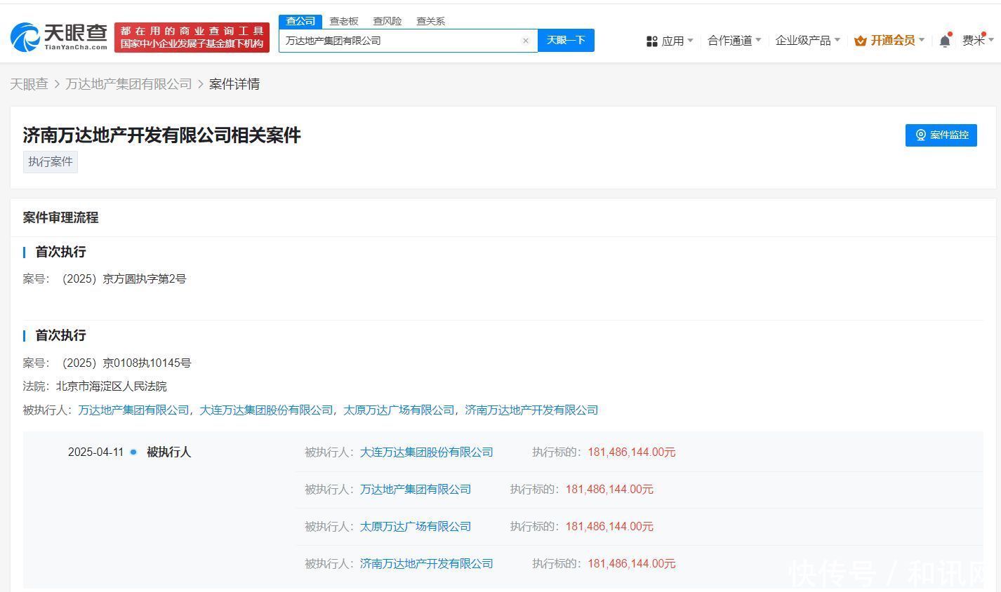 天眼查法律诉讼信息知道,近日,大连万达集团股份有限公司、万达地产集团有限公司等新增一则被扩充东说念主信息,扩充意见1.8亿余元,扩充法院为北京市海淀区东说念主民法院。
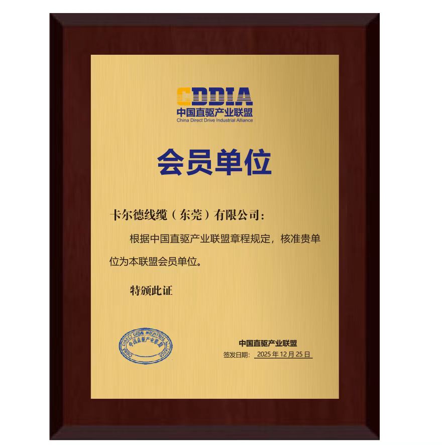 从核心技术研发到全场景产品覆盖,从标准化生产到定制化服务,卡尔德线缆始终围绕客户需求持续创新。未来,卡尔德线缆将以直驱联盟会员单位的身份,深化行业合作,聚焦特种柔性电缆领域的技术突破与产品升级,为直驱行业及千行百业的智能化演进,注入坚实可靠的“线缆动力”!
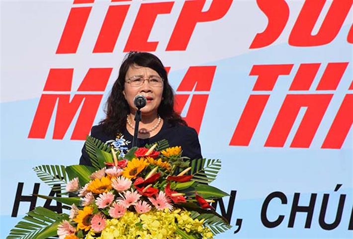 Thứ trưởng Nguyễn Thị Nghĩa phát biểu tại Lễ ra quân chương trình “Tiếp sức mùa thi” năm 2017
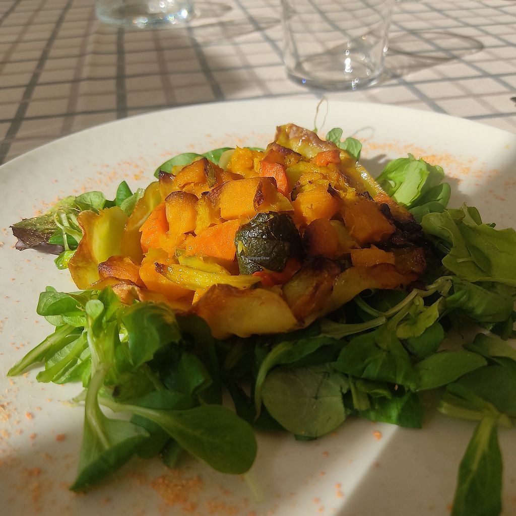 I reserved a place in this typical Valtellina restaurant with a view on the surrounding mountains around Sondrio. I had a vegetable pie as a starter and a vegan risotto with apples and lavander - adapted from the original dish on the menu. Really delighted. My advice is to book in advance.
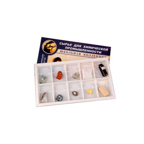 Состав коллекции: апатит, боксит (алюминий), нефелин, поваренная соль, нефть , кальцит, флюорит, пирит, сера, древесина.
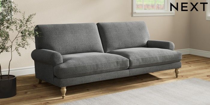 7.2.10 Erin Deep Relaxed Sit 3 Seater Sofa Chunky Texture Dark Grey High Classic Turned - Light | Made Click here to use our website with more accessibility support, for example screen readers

---

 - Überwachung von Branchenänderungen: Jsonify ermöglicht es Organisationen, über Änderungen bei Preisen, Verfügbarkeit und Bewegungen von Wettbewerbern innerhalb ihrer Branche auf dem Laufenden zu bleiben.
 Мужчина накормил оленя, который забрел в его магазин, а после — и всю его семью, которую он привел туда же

* _Task statement_:
Start at the line above containing "Thứ trưởng Nguyễn" and stop at the line containing "7.2.10 Erin Deep": print those lines and everything between them exactly, but not the pictures.

* _Solution to the problem_:
 Thứ trưởng Nguyễn Thị Nghĩa phát biểu tại Lễ ra quân chương trình “Tiếp sức mùa thi” năm 2017
 I reserved a place in this typical Valtellina restaurant with a view on the surrounding mountains around Sondrio. I had a vegetable pie as a starter and a vegan risotto with apples and lavander - adapted from the original dish on the menu. Really delighted. My advice is to book in advance.
 Состав коллекции: апатит, боксит (алюминий), нефелин, поваренная соль, нефть , кальцит, флюорит, пирит, сера, древесина.
 7.2.10 Erin Deep Relaxed Sit 3 Seater Sofa Chunky Texture Dark Grey High Classic Turned - Light | Made Click here to use our website with more accessibility support, for example screen readers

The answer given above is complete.